Exercise details —
Would you write out the full listing exactly, without any pictures?

Dataset section —
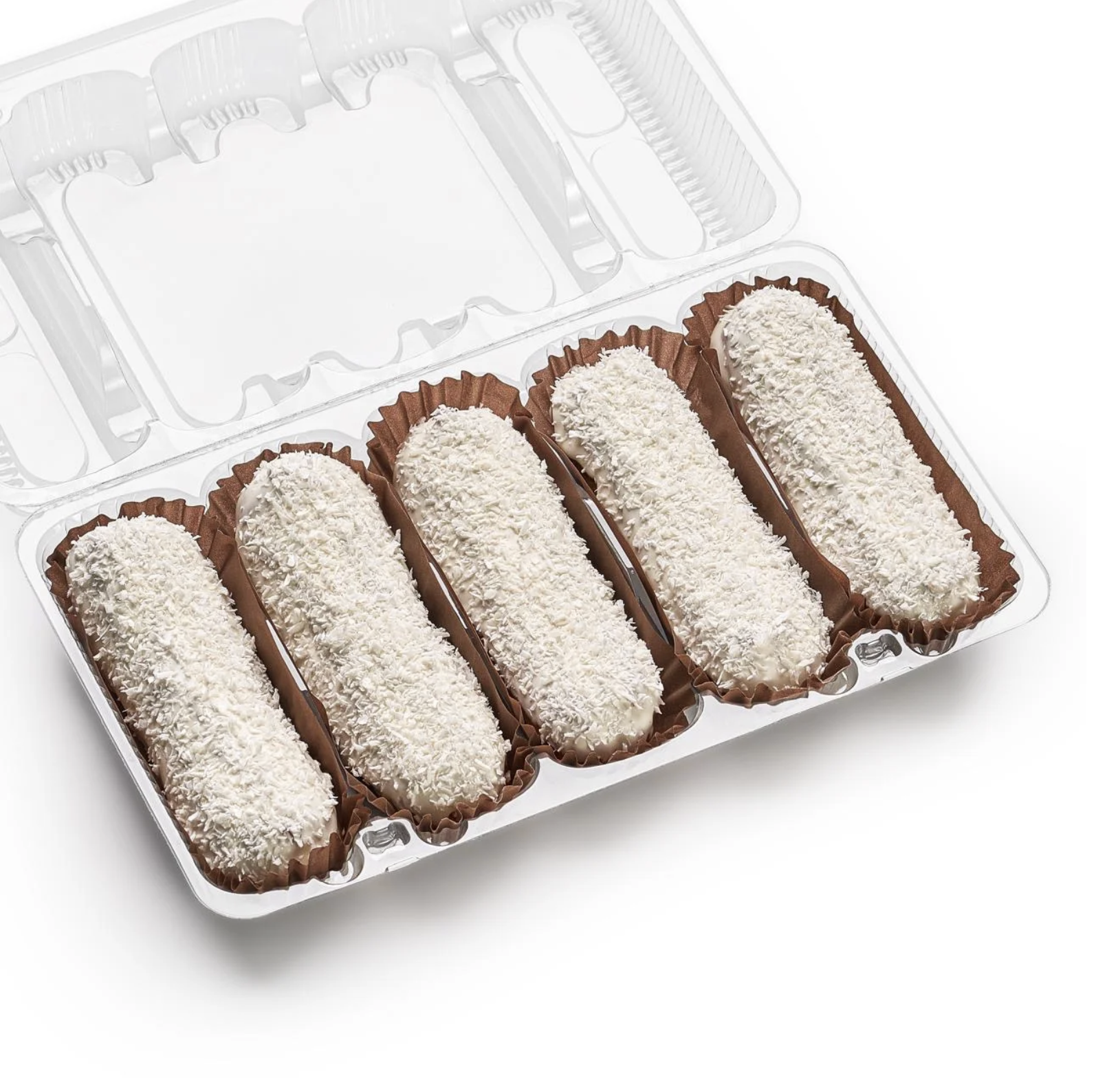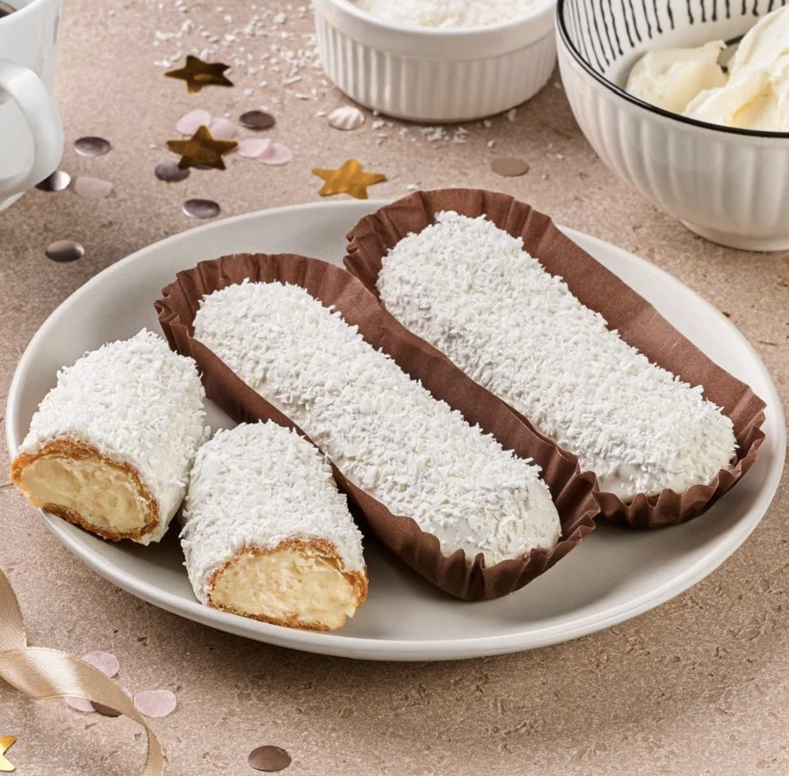 Пирожное из нежного заварного теста - таящий во рту десерт с кремом на основе кокосового молока и с добавлением хрустящей начинки из кокосовой стружки, дроблёного миндаля и слоёной крошки. Декорирован белой глазурью и обсыпан кокосовой стружкой.
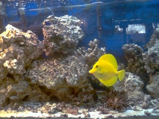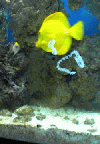 fish alive in tank is one of the striped damsels: the rest have been killed, probably by
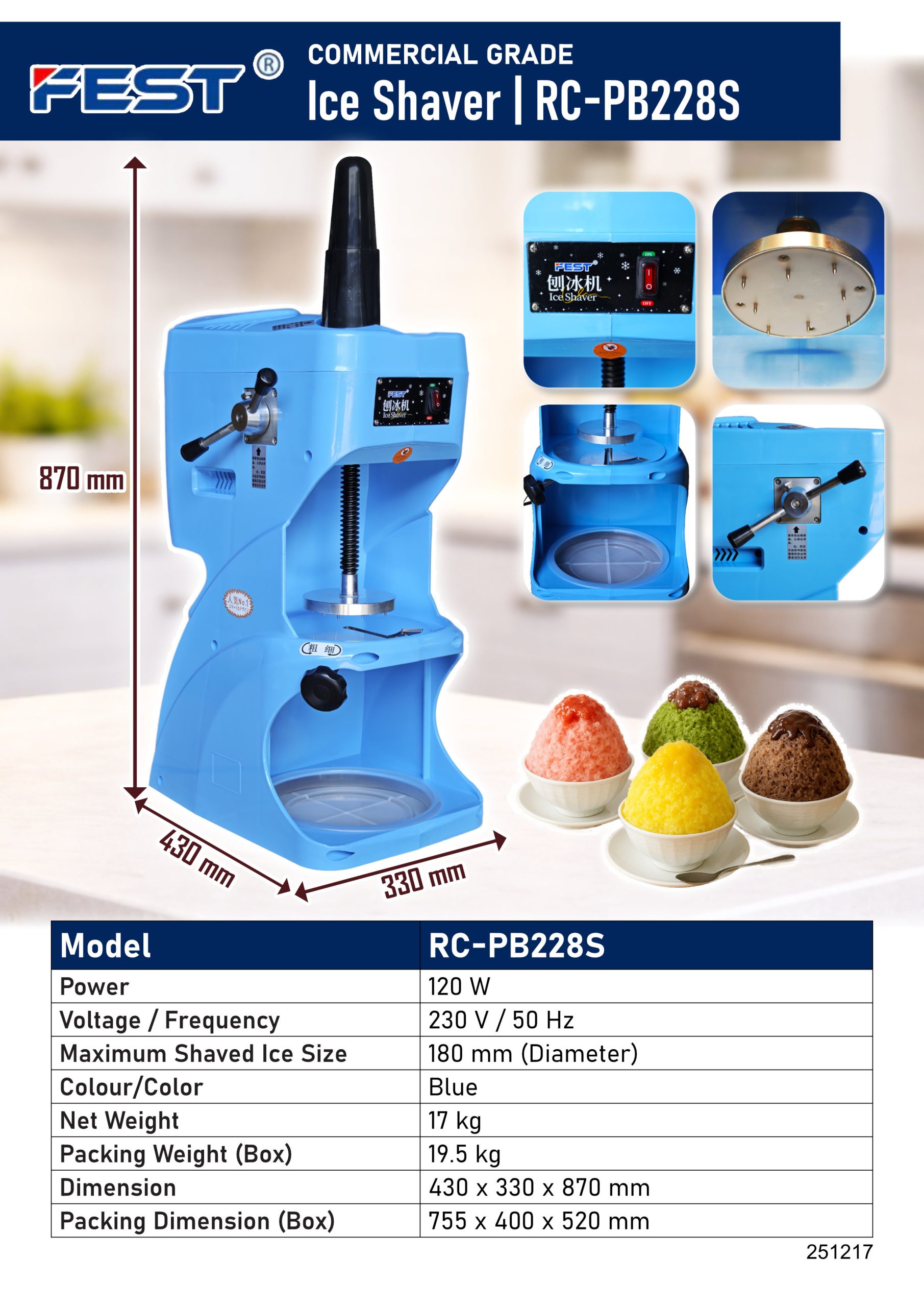 Max. Shaved Ice Size: 180 mm (Diameter)

Exercise output —
 Пирожное из нежного заварного теста - таящий во рту десерт с кремом на основе кокосового молока и с добавлением хрустящей начинки из кокосовой стружки, дроблёного миндаля и слоёной крошки. Декорирован белой глазурью и обсыпан кокосовой стружкой.
 fish alive in tank is one of the striped damsels: the rest have been killed, probably by
 Max. Shaved Ice Size: 180 mm (Diameter)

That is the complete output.